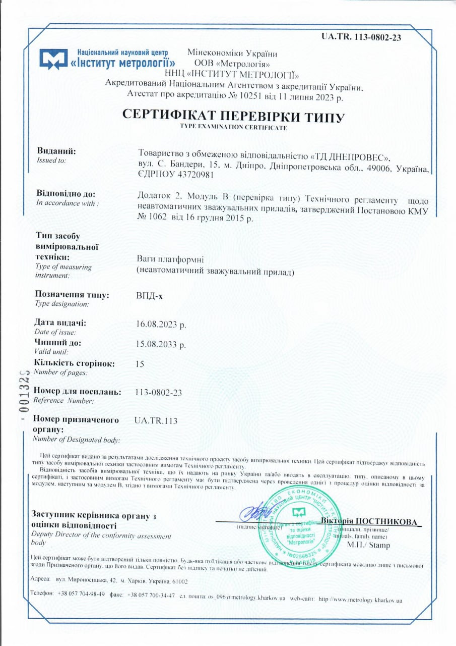 | Сертифікація та відповідність | Ваги сертифіковані в Україні, відповідають вимогам Технічного регламенту щодо неавтоматичних зважувальних приладів. Сертифікат перевірки типу № UA.TR.113-0802-23. |
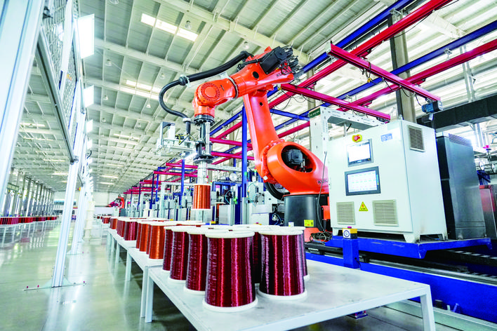 近日,万州经开区高峰园金龙电工生产车间,自动化生产线高效稳定运转。 据了解,今年金龙电工漆包圆线月发货量已突破900吨,创历史新高。 记 者 黄建桦 通讯员 杨思源 摄
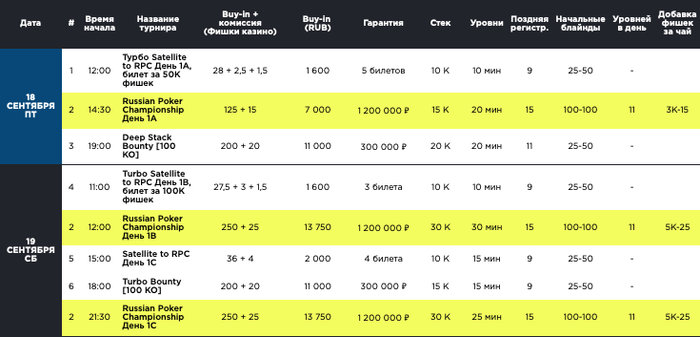 Например: турнир #1, 18 сентября в 12:00. Это сателлит на турнир Russian Poker Championship с
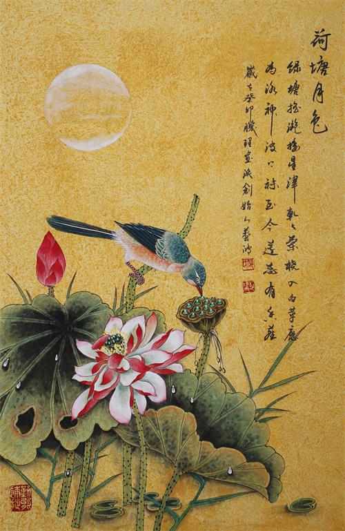 在笔墨传承上,又经故宫书画鉴定泰斗单国强亲授,将明清宫廷绘画技法融入创作,使肌理创新始终扎根传统文脉,这种“以古入今,中西共鉴”的探索,让他的作品既有《梅兰竹菊》四条屏的儒家文化底蕴,又有《祥龙献瑞》中东方漆艺与西方培拉技法交融的国际表达,被誉为当今最有思想的书画家。
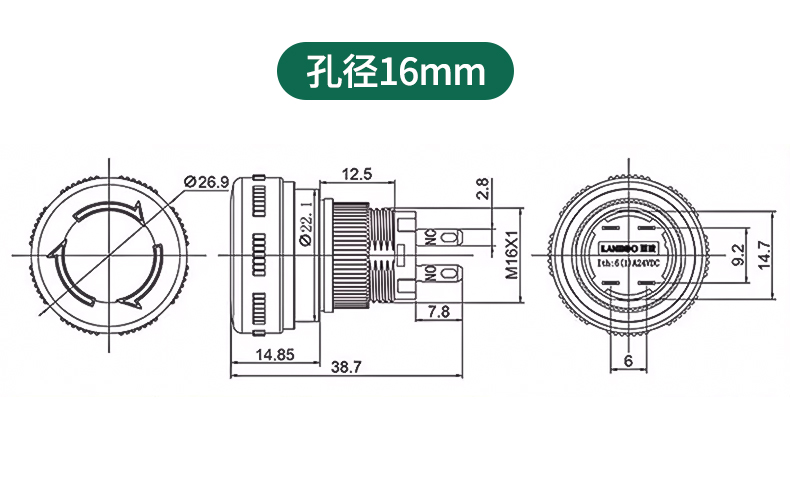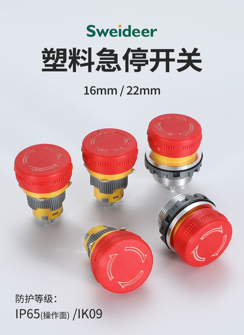 LA155-E3系列Sweideer一体式开孔22MM急停按钮开关带自锁蘑菇头自复位点动按钮
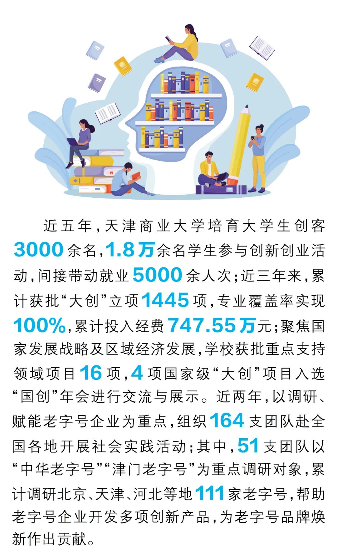 大學生創新創業教育是加強教育強國建設、深化高校教育綜合改革、提高人才培養質量的重要舉措。天津商業大學“依商而建,因商而興”,以商科為特色,堅持培養具有高度社會責任感、深厚商學素養的復合型應用型創新創業人才。以學科建設為龍頭,持續發揮冷鏈物流、現代服務業、冷鏈能源系統等特色學科群的優勢,以高水平學科建設引領學校內涵發展,服務區域經濟社會發展。以教學為根本,建立“意識、知識、能力、體驗”四位一體的創新創業教育體系,推動創新創業教育與思政教育、專業教育與實踐教育融通。以人才培養為目標,學校以商務部老字號協同創新中心及一批省部級平臺為重點依托,聚焦國家和社會需求,推動產教融合,培養學生創新精神和實踐能力,切實服務區域經濟社會發展。
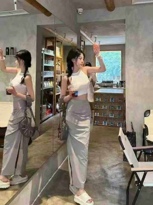美式欧美工装半身长裙女春夏辣妹褶皱高腰显瘦开叉包臀...
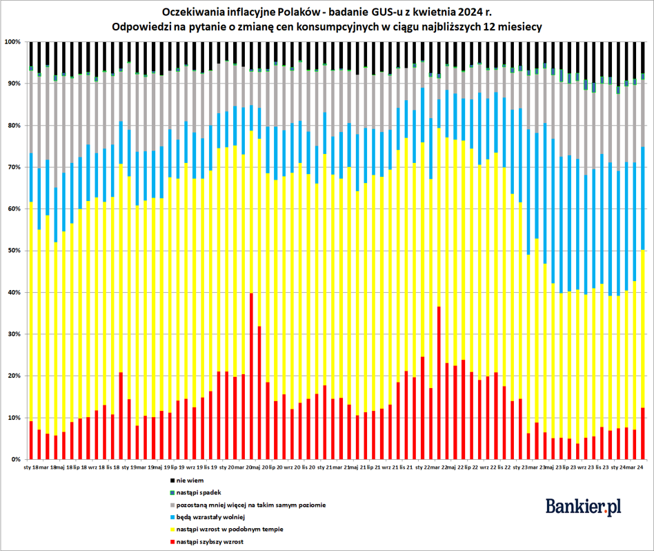 W kwietniowym badaniu mocno wzrósł odsetek respondentów oczekujących szybszego wzrostu cen w następnych 12 miesiącach. Wyniósł on 12,42% wobec 7,12% w marcu i był najwyższy od 15 miesięcy. Ubyło też wierzących w to, że ceny będą rosły wolniej niż dotychczas. W rezultacie blisko 75% ankietowanych stoi na stanowisku, że w kolejnych 12 miesiącach nastąpi wzrost cen. Jeszcze na początku roku odsetek ten nie przekraczał 70%. To jednak wciąż mniej niż między jesienią ’21 a wiosną ’23, gdy ponad 80% respondentów spodziewało się wzrostu cen.
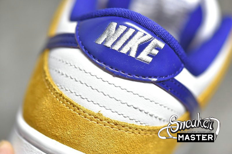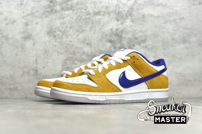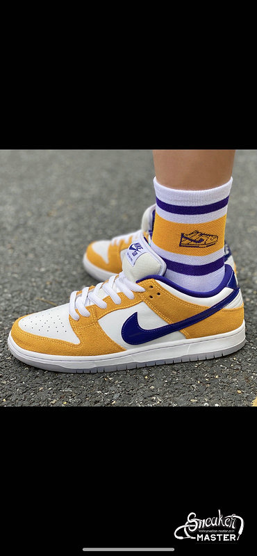 - The Nike SB Dunk Low “Laser Orange” is a vibrant colorway of the beloved Dunk silhouette from Nike’s skateboarding division. The crisp, casual, and easy to wear design features Laser Orange suede overlays on the forefoot, collar, and quarter panel. A clean white leather base appears on the perforated toe, mid-panel, and heel. A purple patent leather Swoosh is located on either side.
****************************************
## WHAT IS NEEDED
From the very first line of the listing above through the line that holds "LA155-E3系列Swei", write out each line exactly as it stands, leaving pictures out.

## TASK OUTPUT
 | Сертифікація та відповідність | Ваги сертифіковані в Україні, відповідають вимогам Технічного регламенту щодо неавтоматичних зважувальних приладів. Сертифікат перевірки типу № UA.TR.113-0802-23. |
 近日,万州经开区高峰园金龙电工生产车间,自动化生产线高效稳定运转。 据了解,今年金龙电工漆包圆线月发货量已突破900吨,创历史新高。 记 者 黄建桦 通讯员 杨思源 摄
 Например: турнир #1, 18 сентября в 12:00. Это сателлит на турнир Russian Poker Championship с
 在笔墨传承上,又经故宫书画鉴定泰斗单国强亲授,将明清宫廷绘画技法融入创作,使肌理创新始终扎根传统文脉,这种“以古入今,中西共鉴”的探索,让他的作品既有《梅兰竹菊》四条屏的儒家文化底蕴,又有《祥龙献瑞》中东方漆艺与西方培拉技法交融的国际表达,被誉为当今最有思想的书画家。
 LA155-E3系列Sweideer一体式开孔22MM急停按钮开关带自锁蘑菇头自复位点动按钮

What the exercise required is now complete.